*** Exercise inputs Section Begins ***

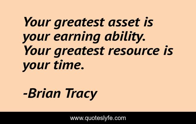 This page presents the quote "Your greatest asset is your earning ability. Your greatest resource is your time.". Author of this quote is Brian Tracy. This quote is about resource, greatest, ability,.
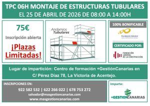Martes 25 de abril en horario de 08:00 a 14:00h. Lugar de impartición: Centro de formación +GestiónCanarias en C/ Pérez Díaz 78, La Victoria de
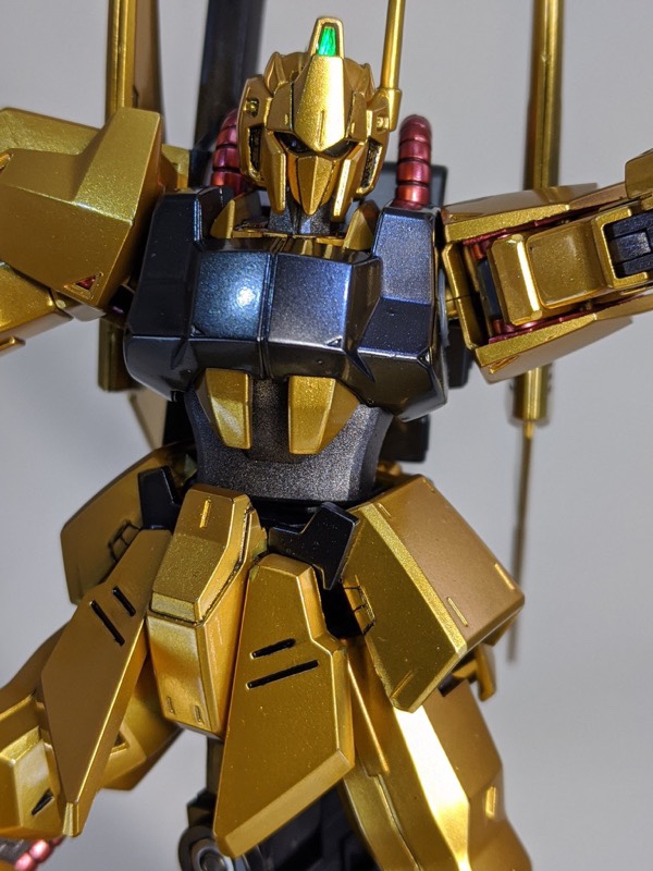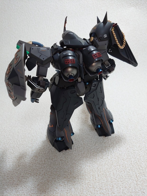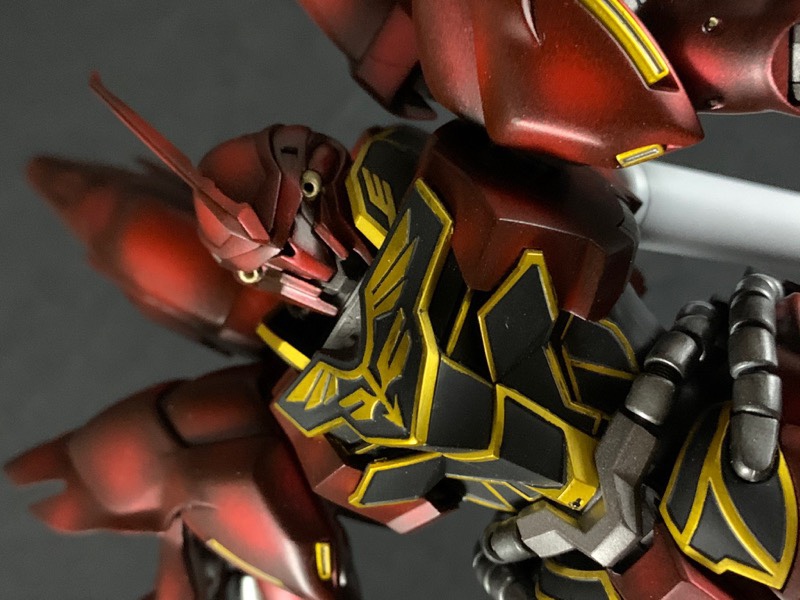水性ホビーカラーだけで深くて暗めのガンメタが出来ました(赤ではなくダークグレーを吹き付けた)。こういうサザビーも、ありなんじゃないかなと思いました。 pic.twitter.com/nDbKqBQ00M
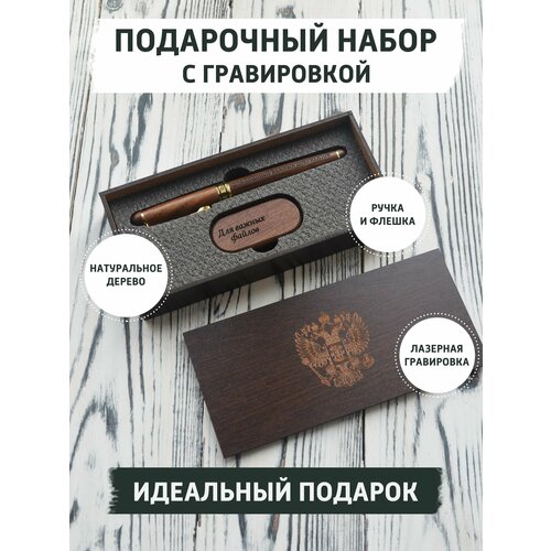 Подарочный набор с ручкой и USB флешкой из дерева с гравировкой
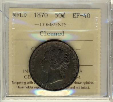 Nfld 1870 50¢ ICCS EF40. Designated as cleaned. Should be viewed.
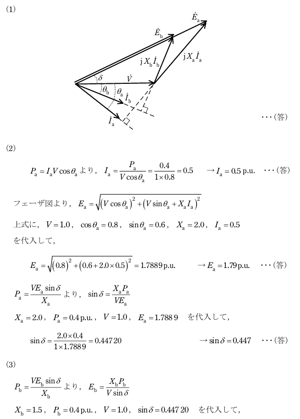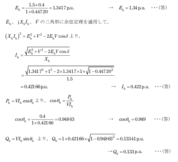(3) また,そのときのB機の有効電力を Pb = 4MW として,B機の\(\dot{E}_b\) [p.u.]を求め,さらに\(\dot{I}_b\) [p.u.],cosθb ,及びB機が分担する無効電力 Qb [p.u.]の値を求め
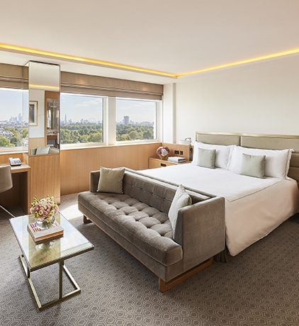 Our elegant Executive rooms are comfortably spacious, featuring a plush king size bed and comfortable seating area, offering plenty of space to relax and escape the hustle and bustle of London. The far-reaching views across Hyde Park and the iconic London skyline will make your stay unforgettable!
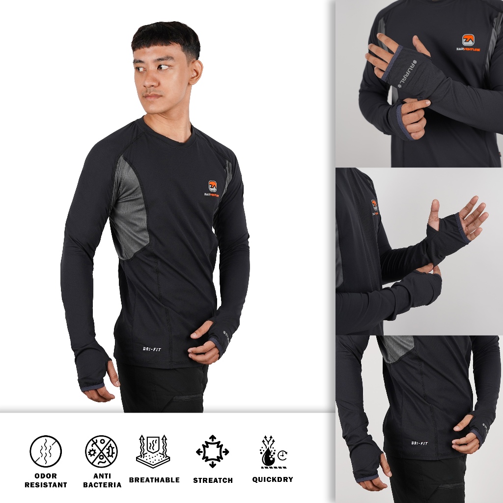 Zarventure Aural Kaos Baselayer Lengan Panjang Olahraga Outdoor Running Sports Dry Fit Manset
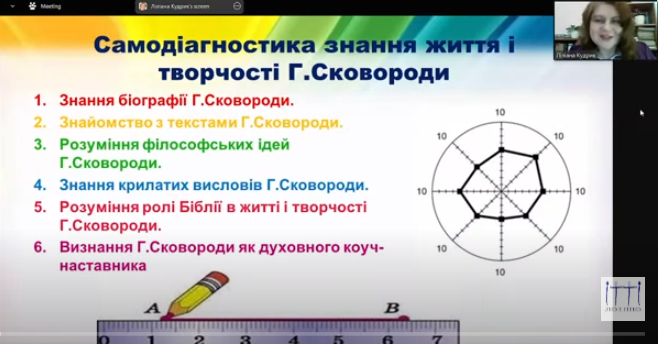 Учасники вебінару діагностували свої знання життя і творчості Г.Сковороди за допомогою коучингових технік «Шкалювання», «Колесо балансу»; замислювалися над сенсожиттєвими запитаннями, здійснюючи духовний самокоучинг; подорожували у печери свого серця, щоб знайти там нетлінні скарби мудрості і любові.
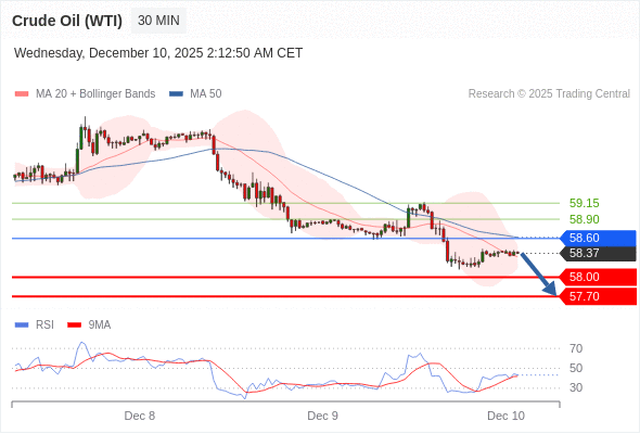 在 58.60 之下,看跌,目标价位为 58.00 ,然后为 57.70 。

*** Exercise inputs Section Ends ***

While leaving pictures out, reproduce exactly the lines from the beginning of the listing above through the line containing "Zarventure Aural Kaos", both ends included.

* Output of the task:
 This page presents the quote "Your greatest asset is your earning ability. Your greatest resource is your time.". Author of this quote is Brian Tracy. This quote is about resource, greatest, ability,.
Martes 25 de abril en horario de 08:00 a 14:00h. Lugar de impartición: Centro de formación +GestiónCanarias en C/ Pérez Díaz 78, La Victoria de
水性ホビーカラーだけで深くて暗めのガンメタが出来ました(赤ではなくダークグレーを吹き付けた)。こういうサザビーも、ありなんじゃないかなと思いました。 pic.twitter.com/nDbKqBQ00M
 Подарочный набор с ручкой и USB флешкой из дерева с гравировкой
 Nfld 1870 50¢ ICCS EF40. Designated as cleaned. Should be viewed.
(3) また,そのときのB機の有効電力を Pb = 4MW として,B機の\(\dot{E}_b\) [p.u.]を求め,さらに\(\dot{I}_b\) [p.u.],cosθb ,及びB機が分担する無効電力 Qb [p.u.]の値を求め
 Our elegant Executive rooms are comfortably spacious, featuring a plush king size bed and comfortable seating area, offering plenty of space to relax and escape the hustle and bustle of London. The far-reaching views across Hyde Park and the iconic London skyline will make your stay unforgettable!
 Zarventure Aural Kaos Baselayer Lengan Panjang Olahraga Outdoor Running Sports Dry Fit Manset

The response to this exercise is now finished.